Strong margin performance and prudent expense control drove higher profitability in the quarter,” continued Kennelly. “We further demonstrated our commitment to driving shareholder value by executing a $50 million stock repurchase during the quarter, continuing our track record of returning a substantial amount of free cash flow to investors in the form of share repurchases.”

Q3’13 Business Highlights

  • Extended Steelhead WAN optimization product family with the addition of a new hardware appliance and upgrades to Steelhead software with RiOS 8.5
  • RiOS 8.5 introduces Path Selection which allows IT organizations to cost-effectively deploy and manage complex hybrid networks ensuring the right path and service level for each application with no impact to end user experience.
  • RiOS 8.5 integration with Cascade Profiler software helps IT managers meet application SLAs
  • New Steelhead CX 255 series appliance brings enterprise WAN optimization cost-effectively to every branch office offering the same benefits found in larger Steelhead WAN optimization solutions, including decreasing bandwidth utilization by up to 98% and improving application acceleration up to 100 times faster
  • Integration of the Cascade and OPNET product families introducing a single appliance combining application-aware network performance management and application performance management. The integrated solution provides end-to-end performance management giving customers a single solution to maximize performance, availability and productivity of critical applications.
  • Introduced new higher capacity, higher performance Granite appliance and added support for FC
  • Announced alliance with Joyent to launch Stingray and Joyent Content Delivery Cloud. The new offering combines Joyent’s public cloud infrastructure with Stingray ADC software to improve performance and flexibility while reducing costs compared to the traditional content delivery network.
  • Awarded certification under the J.D. Power 2013 Certified Technology Service and Support Program for the third consecutive year. This certification acknowledges excellence in delivering service and support on a worldwide basis, with customer satisfaction scores among the top 20% of companies nationwide offering technology support.
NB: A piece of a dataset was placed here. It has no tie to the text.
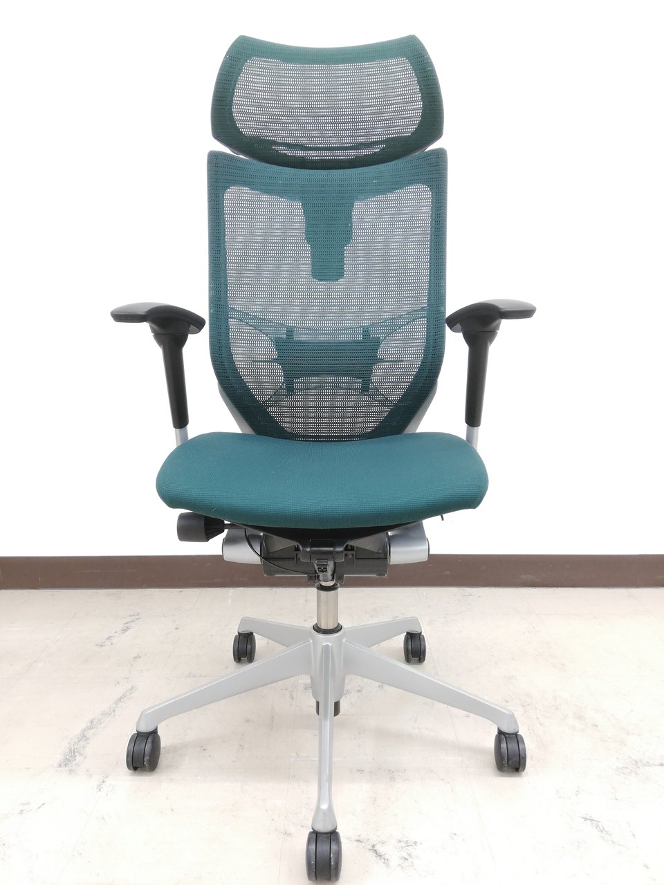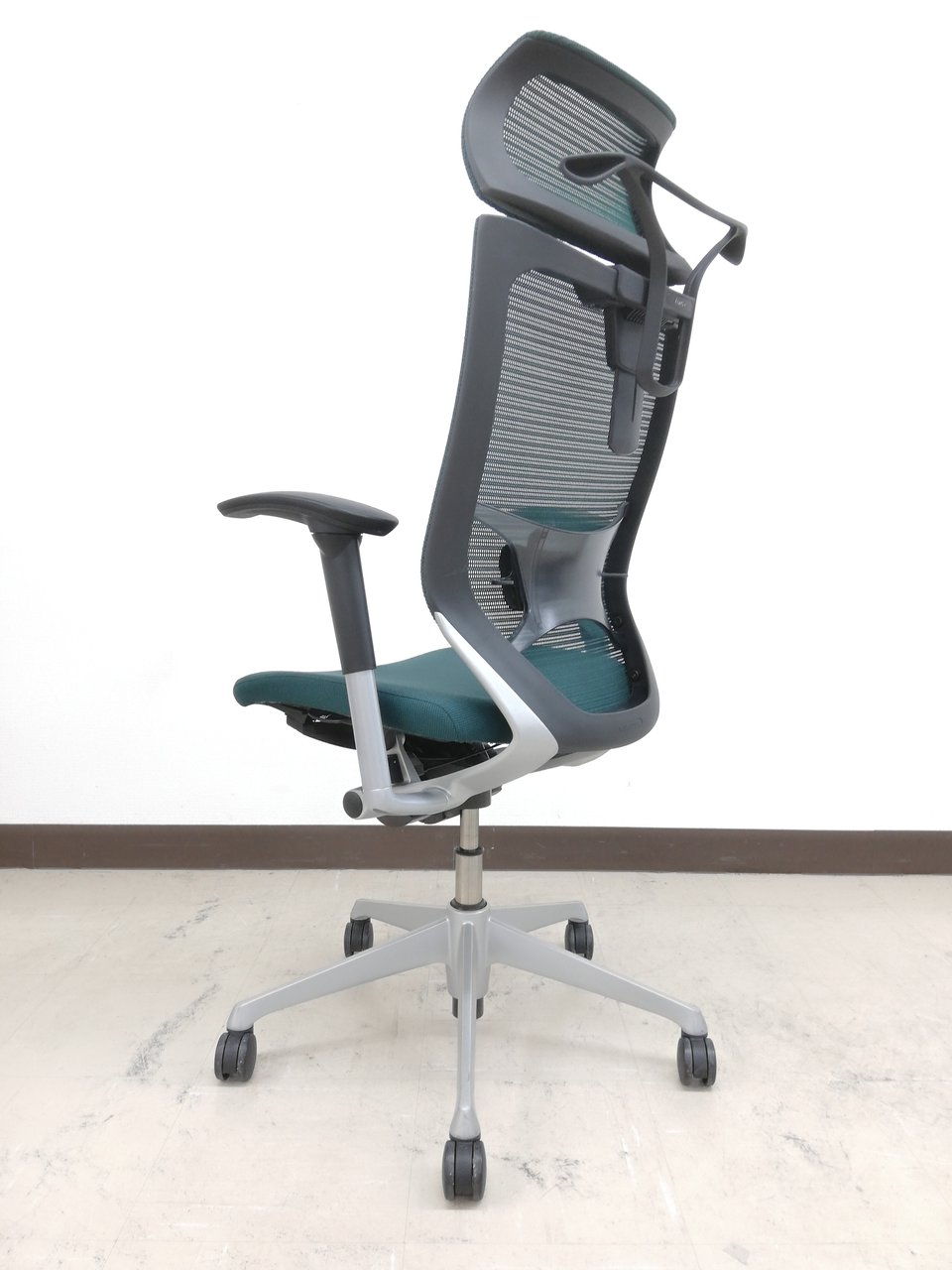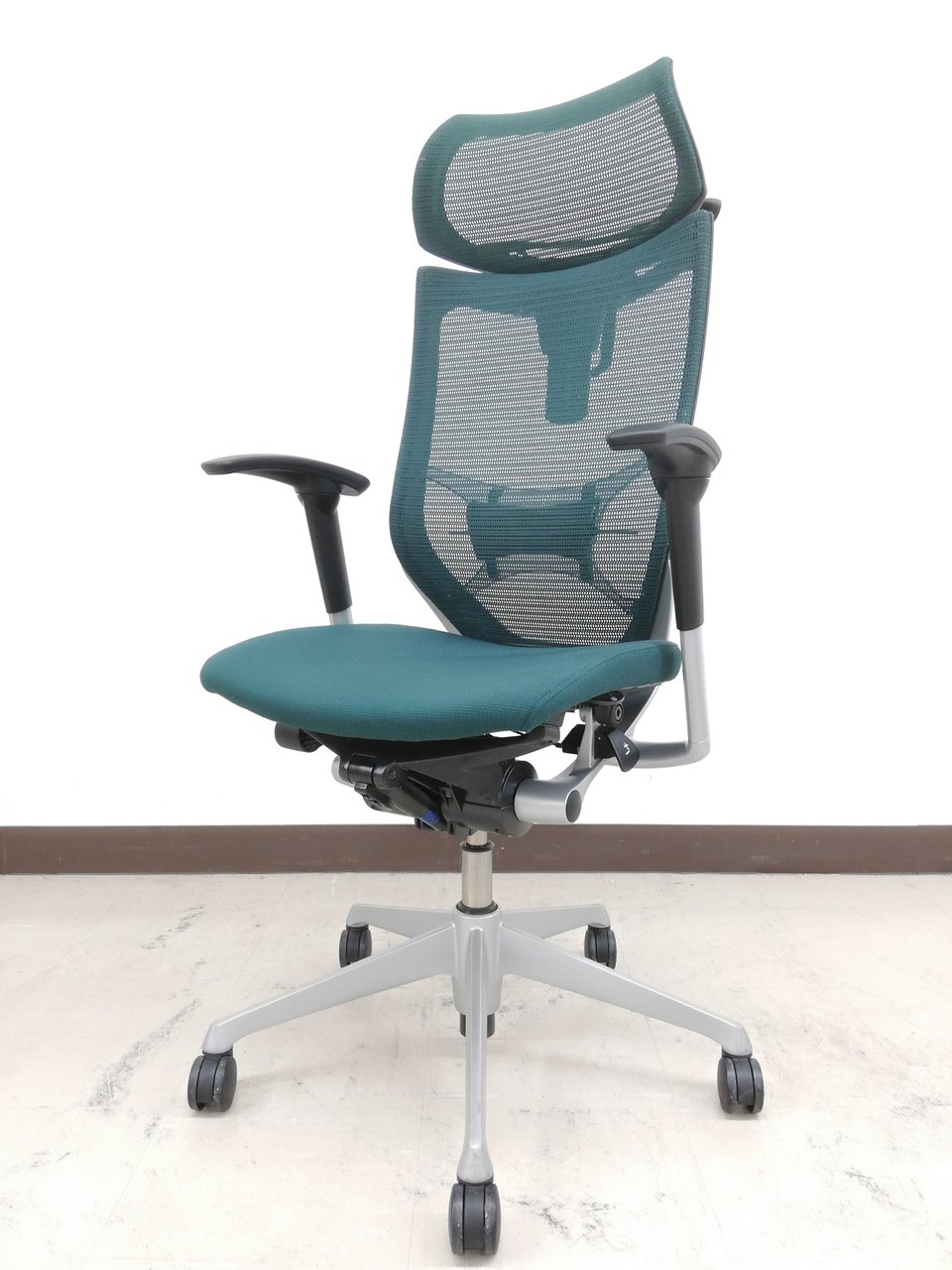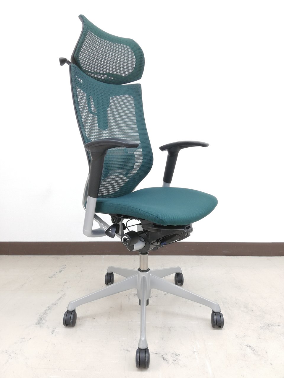 【状態極上Aランク品】フォレストグリーンバロン(Baron)チェアフルオプション&メッシュ座面仕様※可動ヘッドレスト&肘掛け新品◆オカムラ製【RP】- 埼玉本店

Recently appointed executives:

  • Kate Hutchison, SVP and CMO; joins Riverbed from executive marketing roles at Polycom, VMware, Citrix, and BEA Systems
  • Ginna Raahauge, SVP and CIO; joins Riverbed from Cisco where she was responsible for the technology platform for Cisco’s global order through invoice process and revenue recognition

Comments

Abstracts the earnings call transcript: Ernest Maddock, CFO: "Total application acceleration revenue was $209 million and represented 79% of total revenue, compared to 92% a year ago. "Within application acceleration, Steelhead and Granite were $192 million, up 1% year-over-year; while Stingray ADC was $16 million, up 53% compared to last year. "Performance Management contributed $56 million or 21% of total revenue. These products, in particular, were impacted by weaker spending in the government vertical. "Turning to distribution. 88% of our third quarter revenue came from indirect channels, while 12% was sold direct. 2 distributors represented more than 10% to revenue in the quarter with Arrow at 19% and OPNET at 12%. We had no 10% end-user customers in the quarter. "Relative to year-on-year comparatives, we saw growth across all major geographies with 63% of revenues coming from the Americas, 24% from EMEA and 13% from APJ. "With that context, our non-GAAP guidance is as follows: Total revenue is expected to be in the range of $270 million to $276 million, up between 13% and 15% year-over-year. Gross margins are expected to be in line with the September quarter, while operating expenses are expected to be between $150 million and $153 million, and we expect operating margins of approximately 24% and a tax rate in the mid-20% range. "We are guiding our earnings per share to between $0.26 and $0.27 based upon approximately 168 million shares outstanding."